The sound processing apparatus according to claim 1 .

The sound source separation means generates a target sound spectrum composed of components of each target sound frequency in which the target sound is dominant among the plurality of frequencies,
The sound processing apparatus according to claim 1 or claim 2 comprising a noise suppression means for subtracting the noise spectrum from the target sound spectrum.

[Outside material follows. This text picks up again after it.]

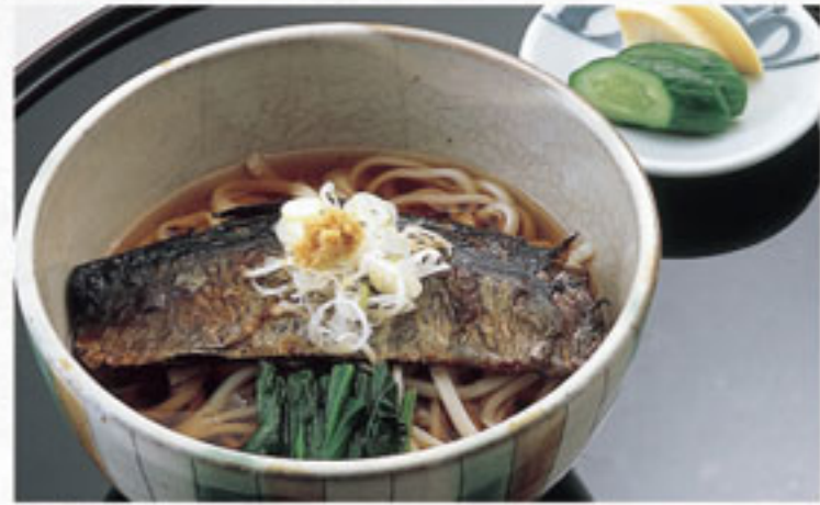
にしん 鯨うどん ..... 864円 (税込) (本体800円)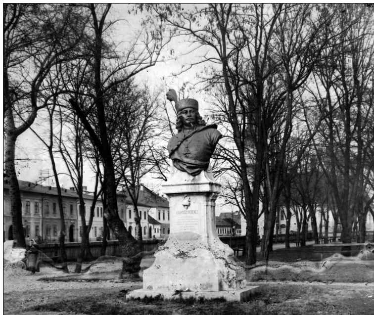
1. kép. A zólyomi Rákóczi-szobor, 1907

Az avatási ünnepséget megelőzte egy előzetes ceremónia (1. kép). 25 Május 27-én a szobor talapzatába egy fémtokban elhelyezték a keletkezésének történetéről szóló iratot, 26 továbbá az akkori pénznemek és a mozdonyvezetők utolsó lapjának egy-egy példányát, valamint egy listát, amely a szobor felállítására adakozó vasutasok nevét és az adományozott összegeket tartalmazta. 27 Az okirat elhelyezésénél megjelölt Skrovina Mátyás, Zólyom város polgármestere, a város korábbi főjegyzője, Petheő Tivadar, a zólyomi szoborbizottság összes tagja, valamint „nagyszámú közönség”. 28 Ezekben a napokban kiderült, hogy a zólyomiak joggal számíthatnak országos jelentőségű szoboravatóra, mivel Magyarország minden pontjáról 137 egyesület jelezte május 29-én, hogy képviselőket küld, ami egyetlen nap alatt 360-ra nőtt. Ugy tűnt, a hajdúsági Bocskai-szoboravatót teljesen elhomályosítja a zólyomi Rákóczi-mellszobor leleplezése. Kilátásba helyezte részvételét Kossuth Ferenc és Justh Gyulán kívül gróf Apponyi Albert kultuszminiszter és Jekelfalussy Lajos honvédelmi miniszter is – utóbbi a zólyomi választókerület országgyűlési képviselője is volt –, valamint legalább 15 felsőházi képviselő. 29 Június 1-jén azonban kiderült, hogy az országgyűlés sokkal fontosabb – vagy, mint látni fogjuk, politikailag kevésbé kockázatos – eseménynek minősítette a hajdúböszörményi szoboravatót, ezért ott jelentek meg a legfőbb potentátok. Olyannyira, hogy például még a Rákóczi-

From the multiple sound signals generated by multiple sound collection devices, specify the intensity of each non-target sound frequency component in which the non-target sound dominates from a different direction from the target sound among multiple frequencies for each unit section Sound source separation processing,
A process of generating a noise spectrum for each unit section,
The intensity of the component of one non-target sound frequency in the first unit section is below a threshold value exceeding the intensity at the one non-target sound frequency in the noise spectrum of the second unit section before the start of the first unit section. , The intensity at the one non-target sound frequency in the noise spectrum of the first unit section, the intensity of the component of the one non-target sound frequency in the first unit section, and the noise spectrum of the second unit section. Set according to the intensity at the one non-target sound frequency,
When the intensity of the component of the one non-target sound frequency in the first unit section exceeds the threshold, the intensity at the one non-target sound frequency in the noise spectrum of the first unit section is determined as the first unit section. Noise estimation processing for setting a numerical value exceeding the intensity at the one non-target sound frequency in the noise spectrum of the second unit interval without reflecting the intensity of the component at the one non-target sound frequency in the computer. The program to be executed.